Speed Is A Feature · For a 1Ghz device with limited memory, the iPad is unreasonably fast. I suspect this accounts for a whole bunch of the “Wow!” reaction the iPad obviously provokes.

Since there’s no free lunch, I think it’s really important that we understand what they sacrificed to get that performance. My bet would be on some combination of windowing and virtual memory. I tend to work on lots of things at once, but in fact I look at things in rapid succession, my eyes can really only focus on one thing at one time. Given sufficiently fast switching, maybe we all ought to be getting less WIMPy.

Touching · When touch works, it works great. I think there are going to be a bunch of apps that just turn out to run way better with a well-considered touch interface. But this is orthogonal to tablet-ness; after fifteen minutes with an iPad, I want a touch-screen on my laptop.
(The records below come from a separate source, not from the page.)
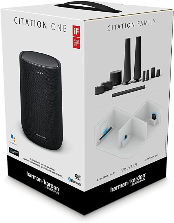 Enjoy voice control and Bluetooth audio streaming with the black Harman Kardon Citation ONE Wireless Speaker. Dual-band Wi-Fi allows you to stream and cast from numerous music sources, and built-in Bluetooth technology allows you to pair and wirelessly stream music from your compatible devices, such as smartphones or tablets. This speaker has the Google Assistant built-in, allowing it to be controlled using just your voice with its built-in microphone system, which can be disabled for privacy. The Citation ONE outputs up to 40W of power from its 0.79″ tweeter and 3.5″ woofer.
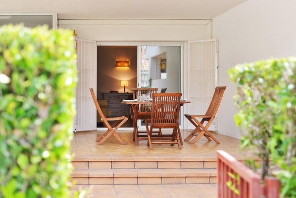 🛋️ Spacious and bright living room, with direct access to a lovely furnished outdoor terrace — perfect for peaceful breakfasts or dinners under the stars.
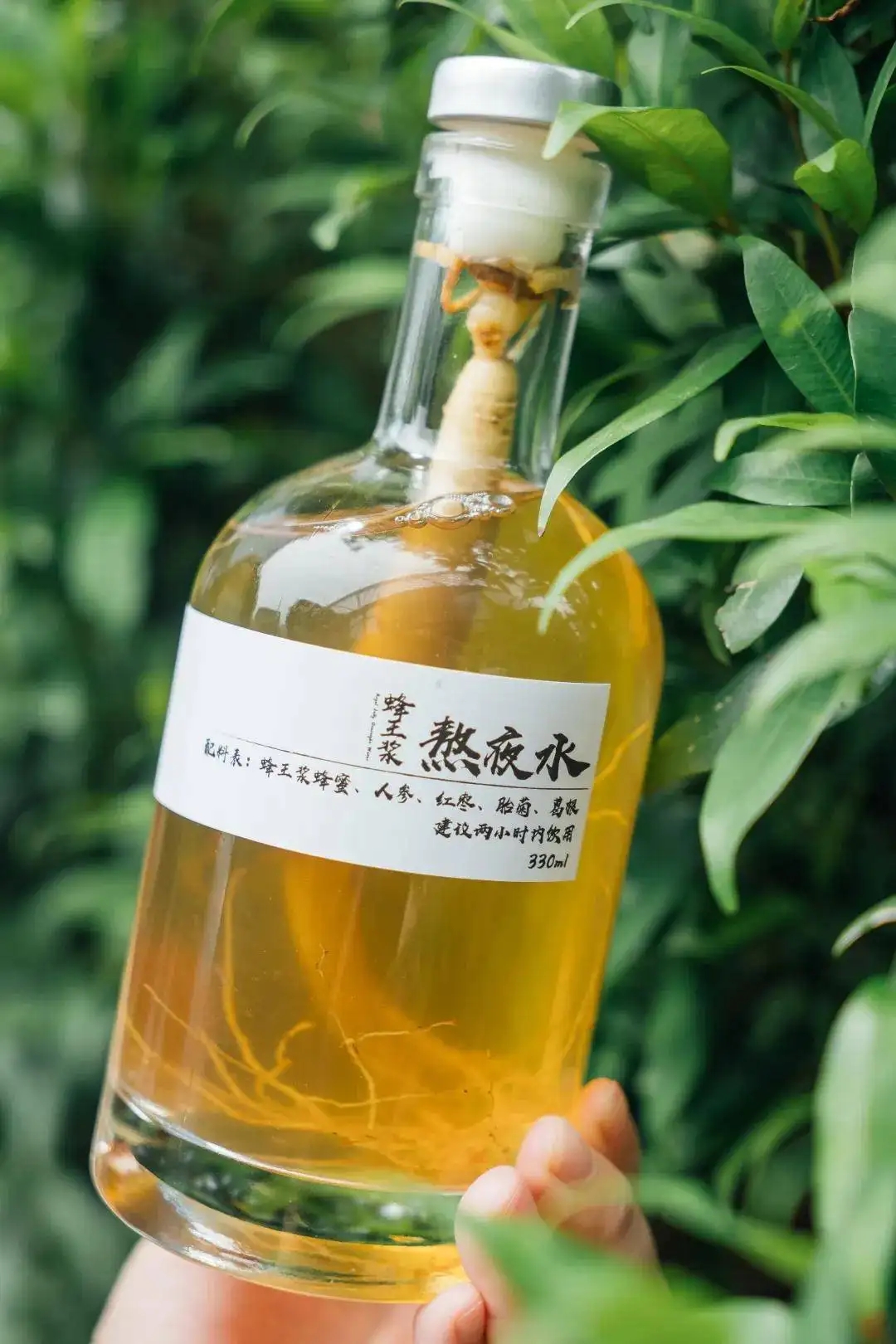 姑且不论这些食材是否有用户预想的价值和「脱开剂量谈影响都是耍流氓」两点,蜂王浆熬夜水火了开始也就有新茶饮从业者开始拆解它红火的原因。既然蜂王浆、玻璃瓶包装都不少见,那么一根完整的人参就是它杀出重围成为C位的关键原因。

Such things already exist; Werner Vogels of Amazon has one right now.

Unexciting · The performance and the touch interface totally dominated my appreciation of the iPad. Here’s a run through the rest.

Yeah, the screen’s nice, but the pixel density is lower than on my Nexus One — I could see font jaggies on the pages of the Time Magazine app. I’ll say one thing, though: Anyone with exposure to Android or Apple phones, and now tablets, is going to be increasingly unsatisfied with today’s laptop screens.

The form factor is OK but not thrilling; my exposure was on an airplane and the iPad was not dramatically easier to use than my 13" MacBook.

The on-screen keyboard is surprisingly good, but for serious motor-finger touch-typists like me, I’m still pretty skeptical. For example, on the same plane trip I wrote and revised that Memory Matters piece. Apple itself sets a pretty high bar with the current MacBook keyboards; I’m unconvinced that anything much less capable could have supported that writing task.

The iPad has provoked an outburst of publishing-business-model lunacy. $5 for Time? $17.99 for the WSJ? Give me a $#@%! break. The Marvel app is exquisite, but the two things you do with comics are read them and trade them; no longer. Earth to publishing-biz management: Check in again when you sober up.

The attempt to do away with folders, and hierarchical storage, is bold, but it’s not clearly a winner. I’m not hostile to the idea — after all, almost all my own files are in YYYY/MM/DD hierarchies. But I have a sneaking suspicion that this notion that hierarchical folders are part of the problem, that “ordinary people” can’t understand them, is simply wrong. We’ll see.

Take-Away · New form factor, no attached keyboard, touch-screen, window-free UI, folder-free storage; there’s a whole lot of stuff here. There’s no tablet, stone or otherwise, on which it says that this particular bag of features all have to go together.



Contributions

Comment feed for ongoing:Comments feed

From: J. King (Apr 06 2010, at 11:36)

I'm pretty well convinced that hierchical storage isn't a necessary thing. While I'm used to thinking of files in a hierarchy, I am conversely used to thinking of e-mail as a searchable repository since I started using Opera for my mail back in 2003, and I couldn't imagine having to deal with folders and rigid structures for my mail today. I have a few filters I make use of (though mostly Opera's built-in ones), but mostly I just search, and it works very well.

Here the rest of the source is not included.